Harare - An Aids awareness campaigner and his lawyers are taking a ground-breaking test case to Zimbabwe’s highest court to force police and prison authorities to ensure HIV sufferers get their life-prolonging medication.

Douglas Muzanenhamo said in papers filed at the Supreme Court that he was denied appropriate anti-retroviral treatment in jail for three weeks last year and he was close to death.

Muzanenhamo, who has had HIV for 18 years, was freed without charge in March last year after police arrested bystanders at a lecture on the Arab Spring they claimed was in preparation for a local revolt.

In court documents, he said he was kept in filthy cells making prisoners with HIV susceptible to fatal infections. He was held in solitary confinement for demanding his drugs.

Sudden changes in drug treatment over 48 hours are known to trigger deterioration that could lead to death.

In the first lawsuit of its kind, citing as respondents Zimbabwe’s police and prison commanders, government ministers and the attorney-general, Muzanenhamo said on the day of his arrest officers at the main Harare police station didn’t allow him to call his family to bring medication he had to take twice daily.

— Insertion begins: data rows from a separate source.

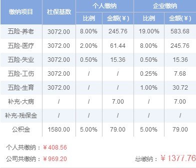 医疗保险最低缴费金额:单位3072.00×6%=245.76元;个人3072.00×2%=61.44元。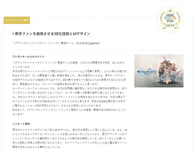 用主办方的话说,这是因为在过去的15年里,它对日本游戏行业在内的3DCG领域做出过巨大贡献。只能说,这次获得该项提名的所有游戏,都败给了整个行业的情怀……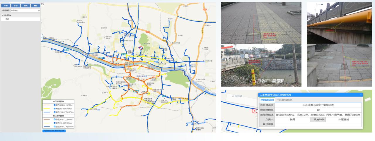 按管(guan)線年限,泄漏(lou)次數(shu),防(fang)腐破(po)損次數(shu),埋深不足次數(shu),封閉占(zhan)壓次數(shu),管(guan)網周邊環境等因(yin)素進(jin)行綜合評估,確定管(guan)段(duan)的風險等級(ji),自動以(yi)不同顏色進(jin)行標記(ji),形(xing)成管(guan)網風險情況(kuang)分布圖。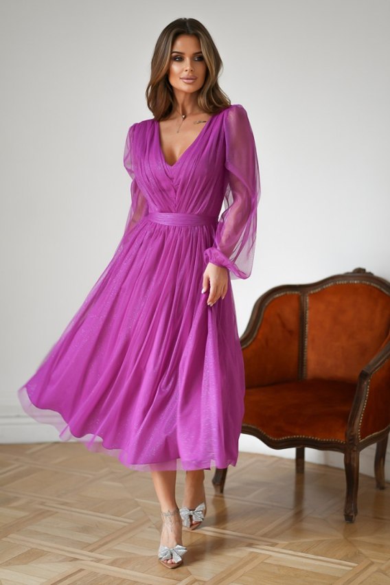 269-51-01 Sukienka Midi Z Brokatową Siatką - fioletowy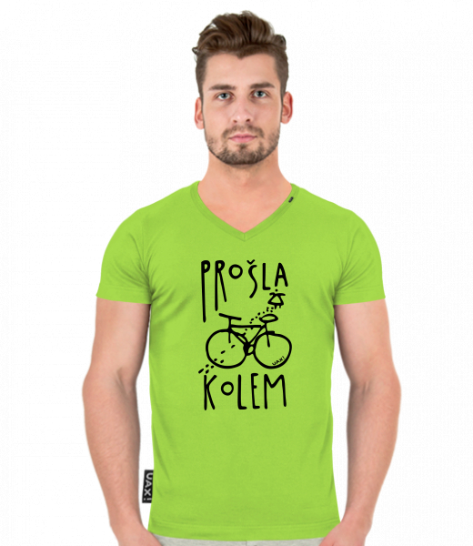 Pánské tričko SLIM FIT s výstřihem do V pro muže s potiskem 1395 PROŠLA KOLEM v barvě PARROT GREEN

After lawyers intervened, his family brought medication two days later but they were kept by police and not given to him at the prescribed times. Then he was given a single prison issue tablet once a day.

In the court deposition, he said he was “totally dependent” on the drugs, along with a healthy diet, to stay alive.

He feared he was in “mortal danger” on an insufficient diet of black tea, corn gruel and beans in harsh prison conditions.

Since his HIV infection, Muzanenhamo has campaigned among fellow sufferers on hygiene and medical and dietary ways to be able to live a “happy and fulfilling life,” he said.

Upon his arrest, the police ordered him to take off his jacket, socks and shoes. He was put into a tiny cell for five days without running water and with 15 other inmates, sleeping on the floor without blankets.

He said he was made to walk barefoot through “human excreta and dried blood.”

“Walking barefoot significantly increases the likelihood of me contracting a life-threatening infection,” he said.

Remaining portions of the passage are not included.